De modo geral, quando se lê um texto em prosa, percebe-se que ele se constrói a partir de uma organização de ideias de forma contínua, em parágrafos. Ao contrário da poesia, que busca a sonoridade e explora os sons das palavras, predomina, na prosa, o discurso narrativo ou argumentativo. Mas nem todo modo de escrever em prosa é igual.
Você está preparando uma aula sobre prosa e ficou em dúvida entre dois textos de José Saramago, então você escolheu os dois. Separou os seguintes trechos e agora precisa preparar uma análise de suas diferenças para apresentar a seus alunos.

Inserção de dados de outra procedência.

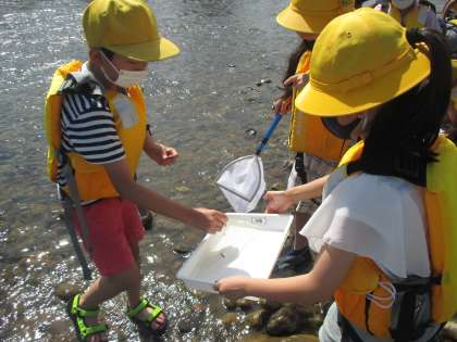 総合的な学習の時間では、熊野地域の環境について調べています。今日は熊野川へ行き、水質を調査しました。きれいな水を好む生き物がたくさん見付かり、熊野川の水はとてもきれいだということが分かりました。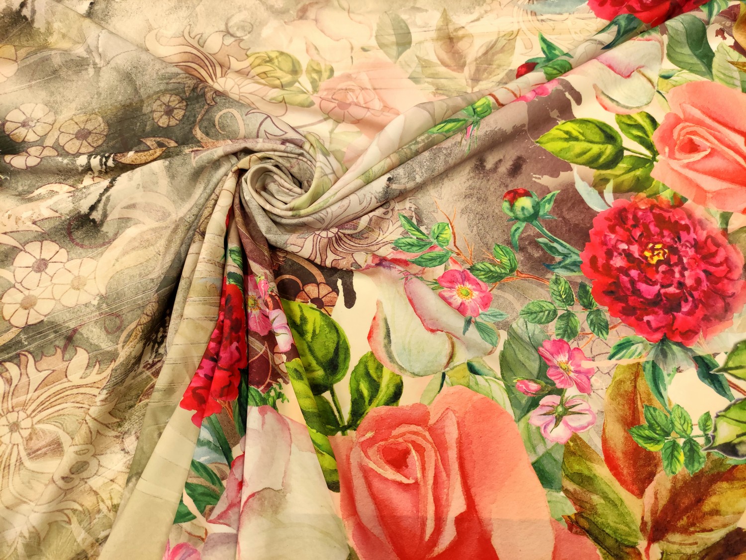 Tessuto Cady elasticizzato a fantasia motivo floreale beige – rosso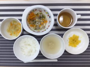 (写真は離乳後期食です。年齢によって形、固さ、盛り付け量を変えて提供しています。)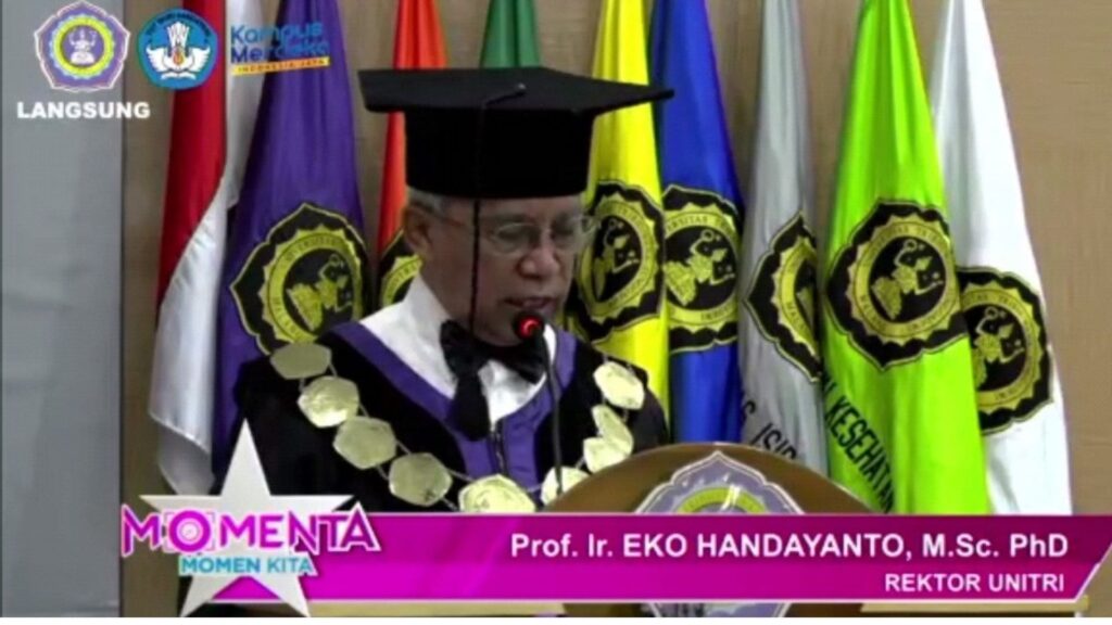 Dalam sambutannya, Rektor Universitas Tribhuwana Tunggadewi Malang, Prof. Dr. Ir. Eko Handayanto, M.Sc, dalam sambutannya menyampaikan bahwa wisuda bukan berarti anda berhenti belajar, karena setelah wisuda ini maka pembelajaran akan dilanjutkan saat turun ke masyarakat untuk menerapkan ilmu pendidikan yang diperoleh di kampus Unitri.

Você é capaz de perceber as diferenças entre esses dois trechos de romances de José Saramago? É possível descrever o ritmo que o autor emprega em cada uma dessas obras em prosa?

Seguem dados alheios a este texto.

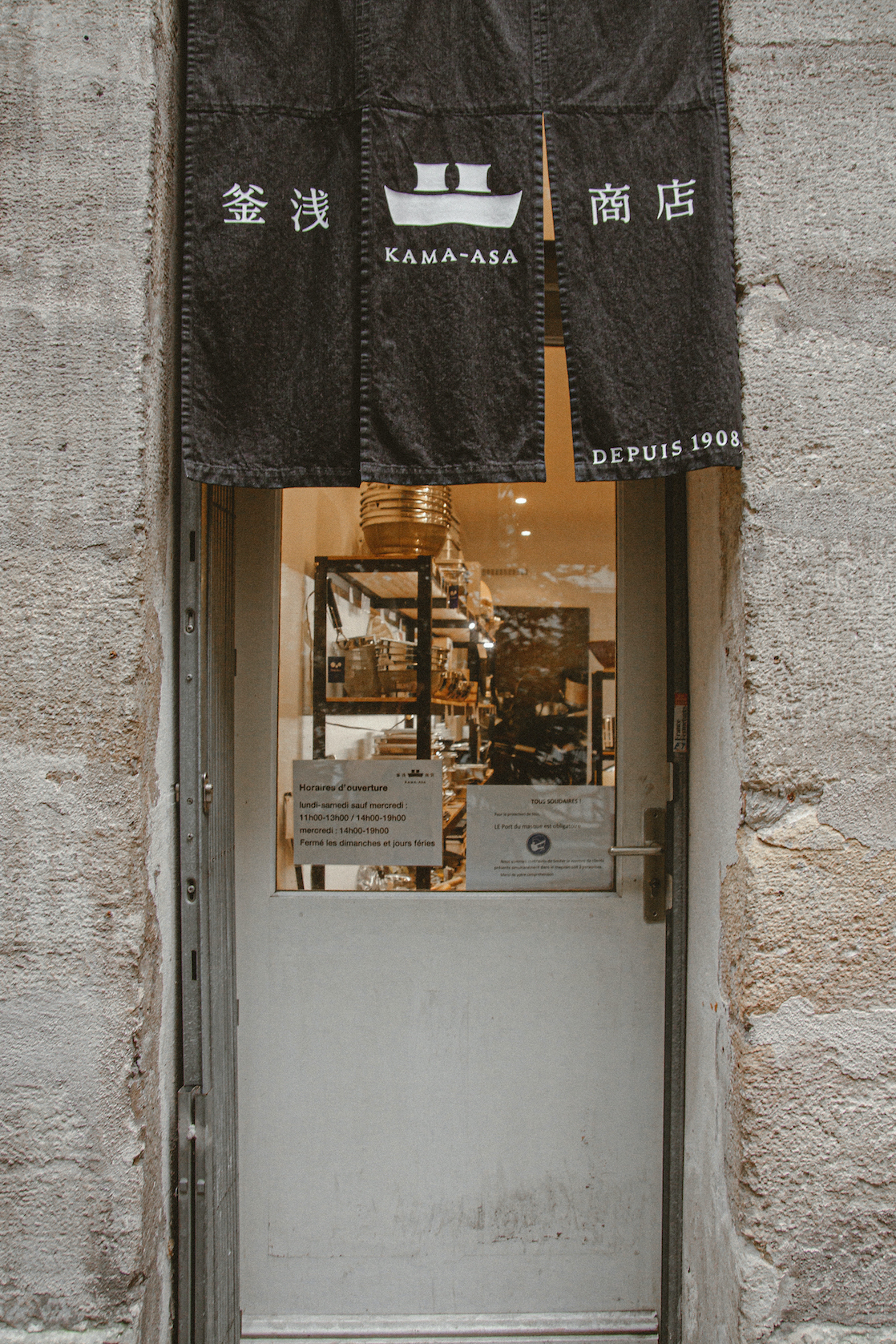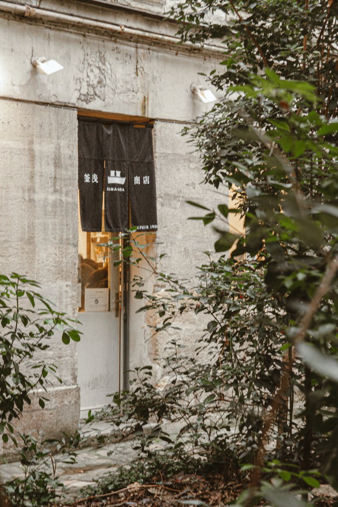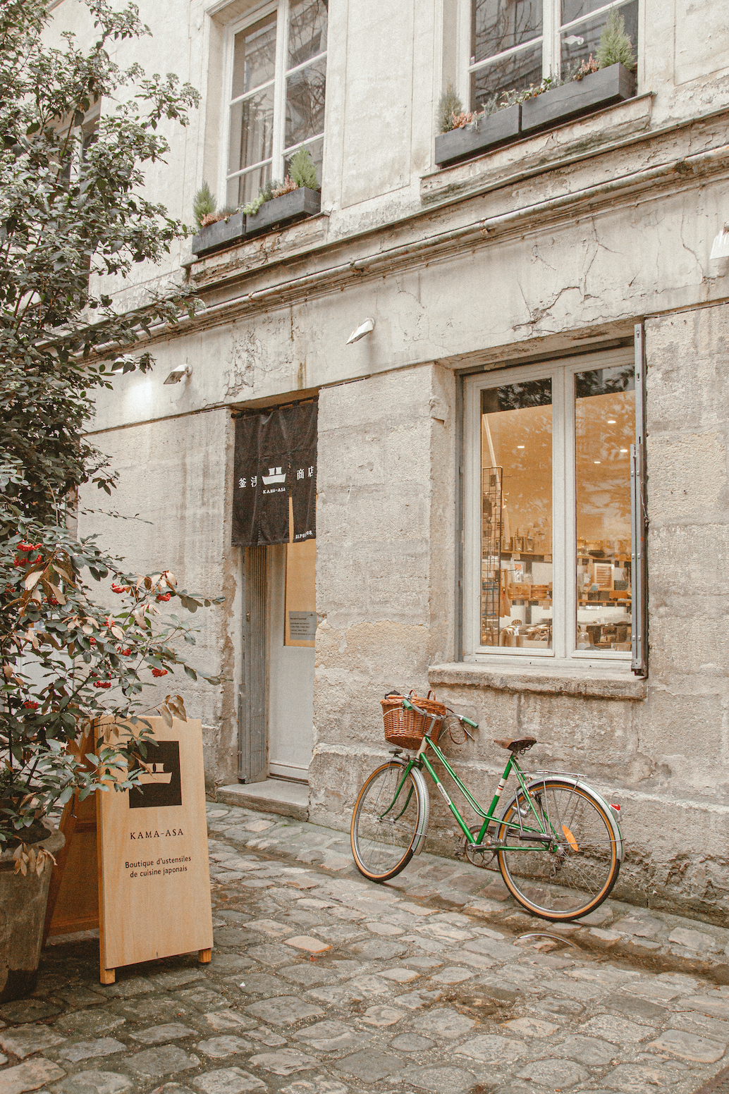 Kama-Asa cũng chỉ mới mở thêm một chi nhánh ở Paris cách đây vài năm. Cửa hàng nằm trong một sân vườn nhỏ xinh có lối đi lát đá, không gian bên trong cửa hàng thực sự cũng nhỏ xíu, với ánh đèn vàng dìu dịu như cách biệt với những ồn ào phố xá ngay bên ngoài. Mình đạp xe đến đây, kê tạm chiếc xe đạp bên khung cửa sổ, mà trong lúc lách cách khoá xe đã không thể nào dừng nhìn vào bên trong, trong lòng dấy lên vô vàn những sự phấn khích trước những món đồ bếp xinh đẹp bày bên trong khung cửa kia.

As diferenças entre ambos são tão grandes que os trechos parecem ter sido escritos por autores diferentes. No entanto, claro está que o autor – José Saramago – tinha projetos diferentes para as duas obras.

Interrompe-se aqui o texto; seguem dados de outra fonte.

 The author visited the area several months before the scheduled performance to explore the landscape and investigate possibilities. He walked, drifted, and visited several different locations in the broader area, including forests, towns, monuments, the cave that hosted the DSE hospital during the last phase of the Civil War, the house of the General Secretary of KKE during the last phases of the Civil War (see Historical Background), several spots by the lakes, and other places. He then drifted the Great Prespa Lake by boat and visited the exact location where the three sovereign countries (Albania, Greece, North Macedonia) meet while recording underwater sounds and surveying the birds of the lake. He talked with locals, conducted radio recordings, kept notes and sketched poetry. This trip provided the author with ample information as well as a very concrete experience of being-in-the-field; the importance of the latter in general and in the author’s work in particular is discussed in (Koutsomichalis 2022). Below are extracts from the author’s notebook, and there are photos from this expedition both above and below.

No Trecho 1, do romance Ensaio sobre a cegueira, nota-se uma construção em prosa bastante tradicional. Os sentidos se apresentam a partir da descrição da cena (frases curtas, adjetivos, comparações). O leitor entende a situação, inclusive por lhe parecer trivial e recorrente (pessoas no trânsito, aguardando o sinal, motoristas impacientes, pedestres apressados). Assim, consegue imaginar o que está acontecendo.
No Trecho 2, por sua vez, do romance História do cerco de Lisboa, percebemos que também se trata de texto em prosa. Porém, além dos recursos empregados no primeiro caso (descrição, adjetivos), há trabalho sobre o ritmo da narração. Podemos perceber que há um diálogo entre dois homens. O diálogo, no entanto, apesar de ser trivial e recorrente no cotidiano, não é expresso de forma convencional. O autor rompe com as regras de pontuação, criando suas próprias convenções. Não há travessões para indicar o discurso direto das personagens, as frases soam separadas entre si por vírgulas e os parágrafos desaparecem. Mesmo assim, é possível compreender o que se passa, ainda que o resultado da narração leve a um efeito de sentido diferente: há a sensação de pressa, de desorganização, de caos (ao contrário da organização que a cena do trânsito evidencia no primeiro trecho). O narrador tem domínio maior do narrado no Trecho 1, enquanto no Trecho 2 ele parece perder o controle da instância organizadora da narrativa. Tem-se, portanto, diferente ritmo, inclusive da parte do leitor, que precisa superar suas pré-concepções do texto em prosa para se aventurar no estilo de Saramago.